Data for review:
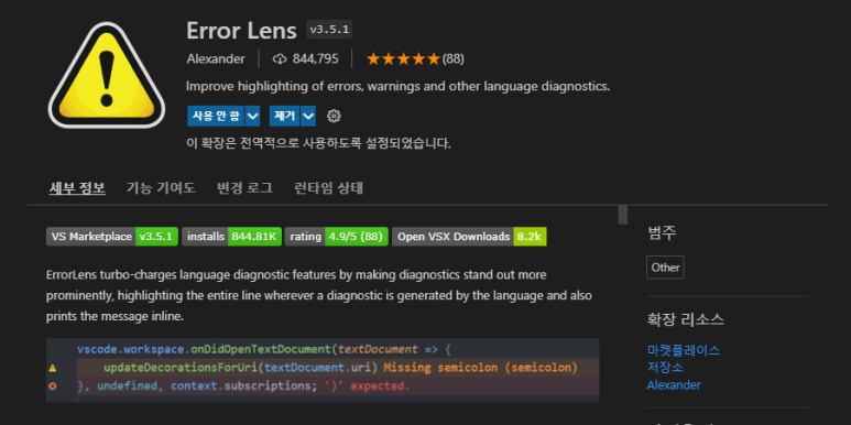 이번에 소개하는 확장 프로그램은 Error Lens이다.
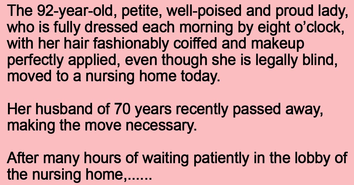 The 92-year-old, petite, well-poised and proud lady, who is fully dressed each morning by eight o’clock, with her hair fashionably coiffed and makeup perfectly applied, even though she is legally blind, moved to a nursing home today.
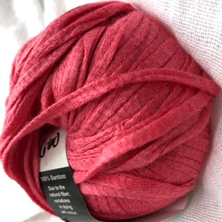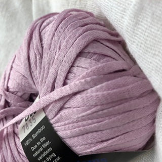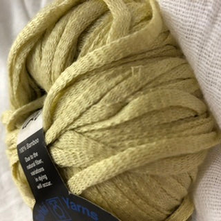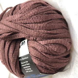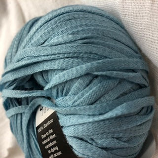 This soft, ribbon-type yarn is sourced from 100% bamboo. It can be used in any pattern calling for Aran to chunky weight yarn.
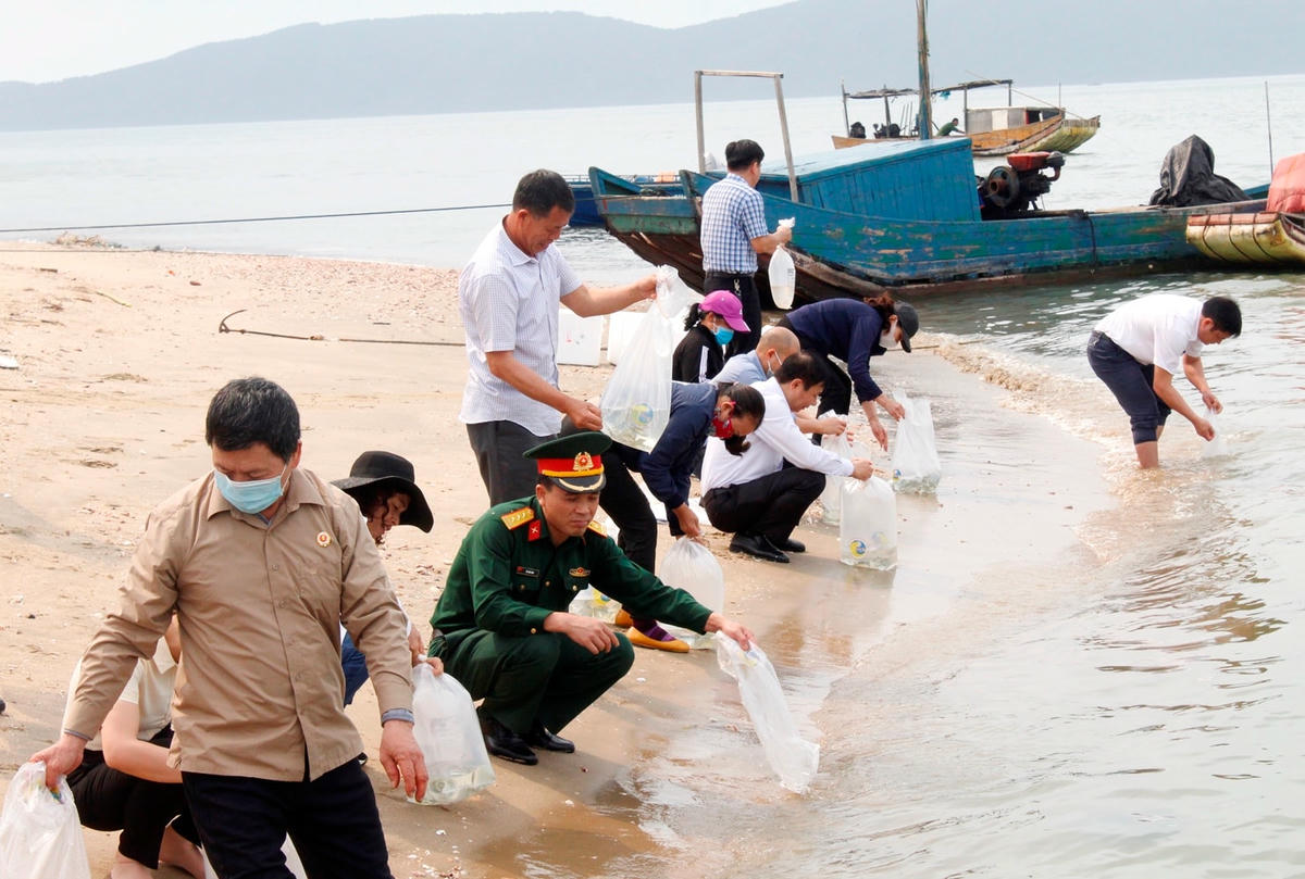 Quảng Ninh: Thả gần 500 nghìn con tôm, cá giống
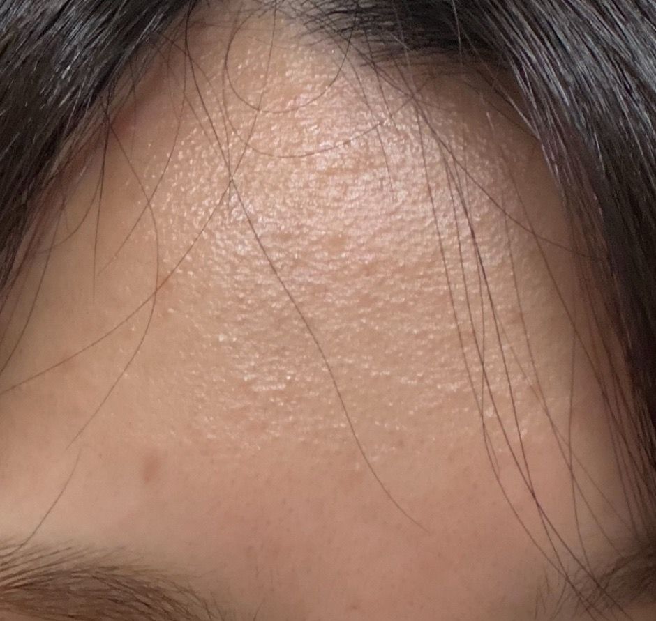 사진상 이마 전반에 균일하게 작은 돌기들이 분포해 있고, 염증성 여드름보다는 피부결이 거칠어 보이는 양상입니다. 일부는 폐쇄면포(whitehead, 좁쌀여드름)에 해당할 가능성이 높고, 나머지는 각질 축적과 피지 분비 증가로 인한 미세 면포 단계로 보입니다. 즉, 대부분은 좁쌀여드름 범주로 볼 수 있습니다.
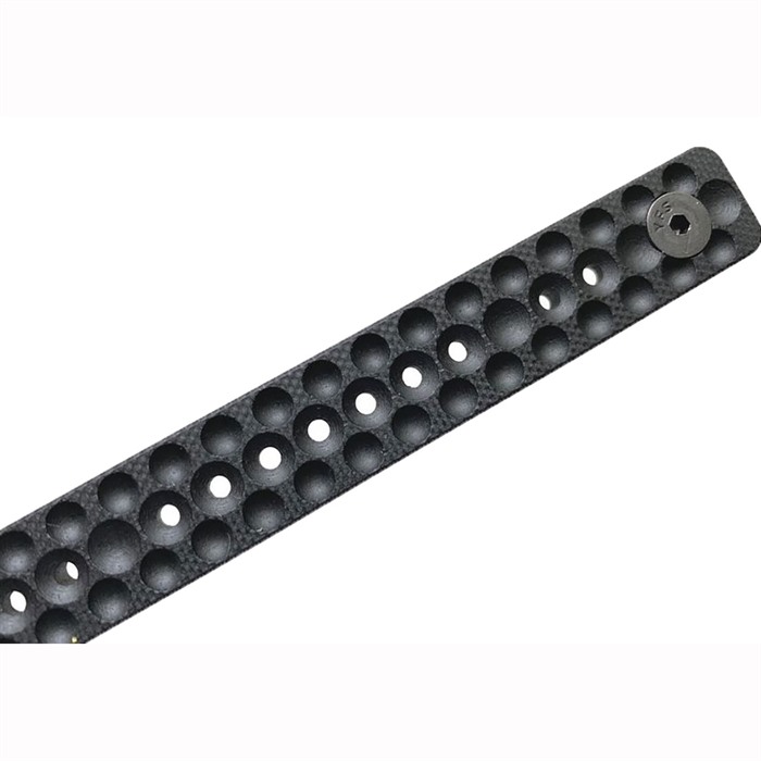 MCF (MLOK Cover, Forward Controls) is a collaboration between Railscales and Forward Controls Design. Machined in G10, with the AA surface (All Angles, or dimpled) pattern we developed for our bolt catch (ABC/R), forward assist (LDFA), ambidextrous magazine release (EMR-A). The AA concept was not developed for aesthetics, but as a versatile surface that offers equal traction from all angles of approach (thus the AA designation). The AA surface can hardly find a better application than hand guard rail covers, where a user's hand can have multiple angles of approach and hold the hand guard in different ways. The AA pattern on the MCF is made of two dimple sizes and depths, a series of large perforations / drain holes are drilled along its length in the middle row of dimples. MCF is available in two lengths: MCF-S (short, 3.2", covers 2 MLOK slots) and MCF-L (long, 4.7", covers 3 MLOK slots), both come standard with MLOK mounting hardware. Width: 0.600" Thickness: 0.125" Length: Long 4.7" Weight: 0.48oz per panel 416 stainless nuts 3/32 Allen key required (not included) Each package of MCF contains one M-LOK cover Machined G10 MLOK hand guard cover Size: 3.2” or 4.7" 2 M-LOK or 3 M-LOK slots

Task details:
In the records above, copy exactly everything from the line that has "This soft, ribbon-type" down to the line that has "사진상 이마 전반에 균일하게", both ends included, and leave out the pictures.

Problem solution:
 This soft, ribbon-type yarn is sourced from 100% bamboo. It can be used in any pattern calling for Aran to chunky weight yarn.
 Quảng Ninh: Thả gần 500 nghìn con tôm, cá giống
 사진상 이마 전반에 균일하게 작은 돌기들이 분포해 있고, 염증성 여드름보다는 피부결이 거칠어 보이는 양상입니다. 일부는 폐쇄면포(whitehead, 좁쌀여드름)에 해당할 가능성이 높고, 나머지는 각질 축적과 피지 분비 증가로 인한 미세 면포 단계로 보입니다. 즉, 대부분은 좁쌀여드름 범주로 볼 수 있습니다.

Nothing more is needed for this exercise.